As a further alternative, the wireless device may determine the time unit of the DRX timer based on a currently used numerology. In this case, the wireless device may obtain information about numerologies used by a primary cell (PCell) and a secondary cell (SCell) of the wireless device, and determine the time unit of the DRX timer based on the numerology used by the primary cell. In this way, the time unit can be determined dynamically according to the current used numerology. By way of example, assuming a UE is currently using both 15 kHz and 30 kHz numerologies and the PCell is using the 15 kHz numerology, then the time unit is determined according to the 15 kHz numerology. Thus, when onDurationTimer is set to 5, it can be determined that the time unit is 1 ms corresponding to the 15 kHz numerology, and the UE will be active for 5 ms. If later the UE uses a 30 kHz numerology in PCell and a 60 kHz numerology in SCell, then it can be determined that the time unit is 0.5 ms corresponding to the 30 kHz numerology, and the UE will be active for 2.5 ms.

As a still further alternative, the wireless device may determine the time unit of the DRX timer based on an indication configured by and received from a network device. In this case, the wireless device may be a terminal device and may send a request for configuration of the time unit to the network device. The network device may configure the time unit for the DRX timer and send it to the terminal device via an indication. The indication may be transmitted in any suitable message or signaling, such as a Radio Resource Control (RRC) signaling. The indication may indicate a value of the time unit configured by the network device. Thus, the terminal device may determine the time unit of the DRX timer as the value indicated by the indication.
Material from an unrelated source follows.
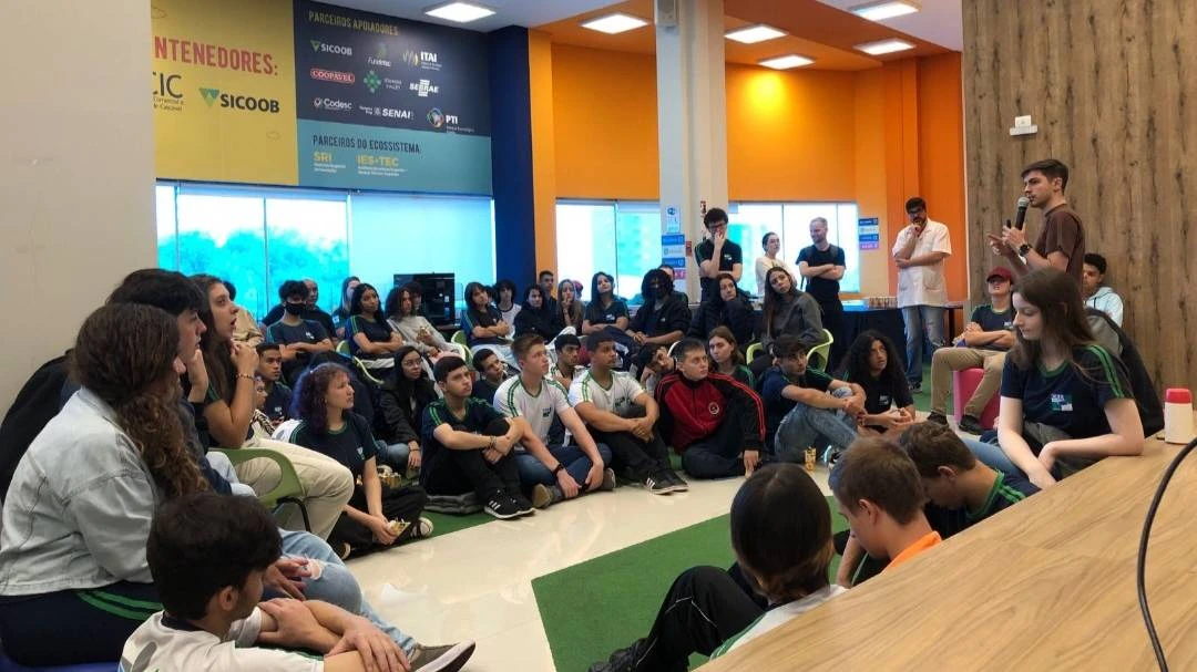 Os alunos acompanharam também o depoimento do sócio da Edubot, uma das startups incubadas na AcicLabs e egresso do CEEP, Vinícius Stanoga. Ele falou de seu período como estudante na instituição e da experiência de participar de uma startup de sucesso, que desenvolve materiais pedagógicos que já estão em escolas de várias regiões do País.

In addition to the above embodiments, if the DRX timer is for example drx-RetransmissionTimer, drx-ULRetransmissionTimer, HARQ RTT timer, or UL HARQ RTT timer, it may be determined that the DRX timer does not need to be aligned with respect to the different scheduling units. In this case, the DRX timer is bundled to the numerologics/TTI lengths scheduled by the wireless device. A same value may be configured for a DRX timer with respect to different numerologies/TTI lengths, but the time unit of the DRX timer may be interpreted differently depending on the numerology/TTI duration that is currently used by the wireless device.

In an embodiment, the time unit may be determined per carrier. That is, the DRX timers may be interpreted differently for different carriers using different numerologies. In particular, the wireless device may obtain information about numerologies used by different carriers, and determine time units of the DRX timer for the different carriers based on the numerologies. In an example, a UE is using carrier aggregation of two carriers, a 15 kHz numerology being used in carrier Cand a 30 kHz numerology being used in carrier C. If the DRX timer, for example, drx-RetransmisisonTimer, is set to 4, it may be determined that the time unit of the DRX timer is 1 ms for carrier C. Thus, it can be determined that the DRX timer indicates a time interval of 4 ms for a HARQ process in carrier C. On the other hand, for a HARQ process in C, it may be determined that the time unit of the DRX timer is 0.5 ms, and the DRX timer indicates a time interval of 2 ms.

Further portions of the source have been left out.